林傾繼位之後,處理完當時堆積的政事和與宋國的外交後,便開始著手國內政務。
林廷就是在那時被分封到此處,秦山一帶成了他治下的封地。雖然此處偏遠又不繁華,看上去像是林傾對這位兄長的忌憚和針對,實則是他給這位皇兄最好的禮物。

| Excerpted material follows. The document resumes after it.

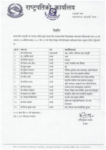 राष्ट्रपति कार्यालयद्वारा सार्वजनिक विज्ञप्ति अनुसार नयाँ वरियता र कार्यविभाजन यस प्रकार छ:

如今秦山一帶在林廷的治理下欣欣向榮,加之有秦山上的千刃派作為後盾,無論江湖人士還是達官貴人都不敢在此鬧事造次,仿若成了一處世外桃源。
硯心不在時,林廷也就住在山下的王府中。
齊王府本該修在城中,但林廷卻將其搬到了秦山山腳,每日跟周圍的農戶們日出而起日落而歸,生活十分愜意。
林非鹿跟在硯心身後邊走邊看,聽她介紹這一切的改變,驚嘆連連。
走過路口的重樓時,不遠處擺著幾個石磨台的打穀場上正蹲著一群孩童在玩彈珠,一群幾歲大的稚童之中,卻蹲著一個清瘦俊俏的少年,興緻勃勃地參與其中,好不歡樂。
林非鹿頓時激動起來,拍了拍宋驚瀾牽著韁繩環住她的手。
宋驚瀾會意,鬆開手臂,林非鹿便從馬背上跳下去。
她卻沒立刻喊他,而是繞到一邊藏到那座石磨台後面,然後撿了幾顆小石頭,偷偷朝蹲在地上的少年的後背扔去。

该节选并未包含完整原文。